Radius of Convergence of $(1-x)^{1/4}$

Question

This is my first post so I am very new to MathJax formatting - i apologize in advance for the messy formatting

This equation becomes $$\sum_{n=2}^\infty \frac{(4n-5) x^n}{(4^n)n!}$$

The textbook says the ratio test would be:

$$\lim_{n\to \infty} \left\lvert\frac{(4n-1)(4n-5)(x^{n+1})(4^n)n!}{(4n-5)(x^n)(4^{n+1})(n+1)n!}\right\rvert$$

But I thought it would be: $$\lim_{n\to \infty} \left\lvert\frac{(4n-1)(x^{n+1})(4^n)n!}{(4n-5)(x^n)(4^{n+1})(n+1)!}\right\rvert$$

So no extra $(4n-5)$ - but that would result in an addition $(n+1)$ in denominator (because of the expanded factorial) and the radius of convergence would now be infinite (and not $|x| < 1$ as above fraction suggests).

Thanks

Answer 1

Your series as written obviously has an infinite radius of converges, since the denominator grows much faster than the numerator.
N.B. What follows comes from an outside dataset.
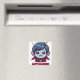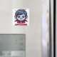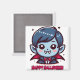 Ce design présente un charmant petit vampire aux traits stylisés et enfantins, parfait pour célébrer l’esprit d’Halloween. Le personnage arbore une peau bleutée avec des nuances subtiles et des joues rosées, évoquant une innocence juvénile. Ses yeux grands et expressifs sont accompagnés de petites étoiles scintillantes, ajoutant une touche magique à l’ensemble. La coiffure du vampire est d’un bleu profond avec des reflets plus clairs, ce qui crée un contraste agréable avec le teint de sa peau. Il porte un costume classique de vampire composé d’une cape rouge vif doublée de noir et d’un nœud papillon rouge à pois blancs, ce qui lui donne un air à la fois élégant et festif. Les canines proéminentes du sourire espiègle rappellent son identité vampirique tout en conservant une allure adorable et accessible. Le texte “Happy Halloween” en lettres arrondies et amicales surplombe le personnage, renforçant le thème festif avec une typographie qui évoque la convivialité et la joie des célébrations d’Halloween.

However, this is because there is a mistake - the numerator should be $(4n-5)!.$

Answer 2

The generalized binomial series is

$$ (1 \ + \ x)^p \ \ = \ \ \sum_{n=0}^\infty \ \left( \begin{array}{c} p \\ n \end{array} \right) \ x^n \ \ , $$

which becomes $$ (1 \ - \ x)^p \ \ = \ \ \sum_{n=0}^\infty \ (-1)^n \ \left( \begin{array}{c} p \\ n \end{array} \right) \ x^n \ \ $$

for the base $ \ (1 \ - \ x) \ $ . Writing out the first few terms of the series with the fractional binomial coefficients for $ \ p \ = \ \frac14 \ $ gives us

$$ (1 \ - \ x)^{1/4} \ \ = \ \ 1 \ · \left( \begin{array}{c} \frac14 \\ 0 \end{array} \right) \ x^0 \ \ + \ \ -1 \ · \left( \begin{array}{c} \frac14 \\ 1 \end{array} \right) \ x^1 \ \ + \ \ 1 \ · \left( \begin{array}{c} \frac14 \\ 2 \end{array} \right) \ x^2 \ \ + \ \ -1 \ · \left( \begin{array}{c} \frac14 \\ 3 \end{array} \right) \ x^3 \ \ + \ \ldots $$

$$ = \ \ 1 \ · \frac{ 1}{0!} \ x^0 \ \ - \ \ 1 \ · \frac{ \frac14 }{1!} \ x^1 \ \ + \ \ 1 \ · \frac{ \frac14 · \left( \frac{-3}{4} \right)}{2!} \ x^2 \ \ - \ \ 1 \ ·\frac{ \frac14 · \left( \frac{-3}{4} \right) · \left( \frac{-7}{4} \right) }{3!} \ x^3 \ \ + \ \ldots $$

$$ = \ \ 1 \ \ - \ \ \frac{ 1 }{4 \ · \ 1!} \ x^1 \ \ + \ \ \frac{ 1 · ( -3)}{4^2 \ · \ 2!} \ x^2 \ \ - \ \ \frac{ 1 · (-3) · (-7) }{4^3 \ · \ 3!} \ x^3 \ \ + \ \ldots $$

There are various ways that people choose for writing the general term; my guess is that this author(s) for your textbook decided to leave the first two terms outside of the general summation to start it at $ \ n \ = \ 2 \ $ (this has no effect on the interval of convergence):

$$ (1 \ - \ x)^{1/4} \ \ = \ \ 1 \ \ - \ \ \frac14 \ x \ \ - \ \ \sum_{n=2}^\infty \ \frac{3 \ · \ 7 \ · \ · \ldots \ · \ (4n-5) }{4^n \ · \ n!} \ x^n \ \ . $$

This is a product of factors in arithmetic progression in the numerator of the general term; that is what must be used in the Ratio Test. Almost all of them will cancel in the calculation, but what will remain is

$$ \lim_{n\to \infty} \ \left\lvert \ \frac{(4[n+1]-5)(4n-5)(x^{n+1})}{4^{n+1} \ · \ (n+1)!} \ · \ \frac{4^n \ · \ n!}{(4n-5)(x^n) } \ \right\rvert \ \ = \ \ \lim_{n\to \infty} \ \left\lvert \ \frac{(4n-1)(x)}{4 \ · \ (n+1)} \ \right\rvert \ \ , $$

which will yield the radius of convergence $ \ R \ = \ 1 \ $ that obtains for the series representing $ \ (1 \ + \ x)^p \ $ . [The generalized binomial series is exactly the same as you would get by deriving a Maclaurin series for these functions.]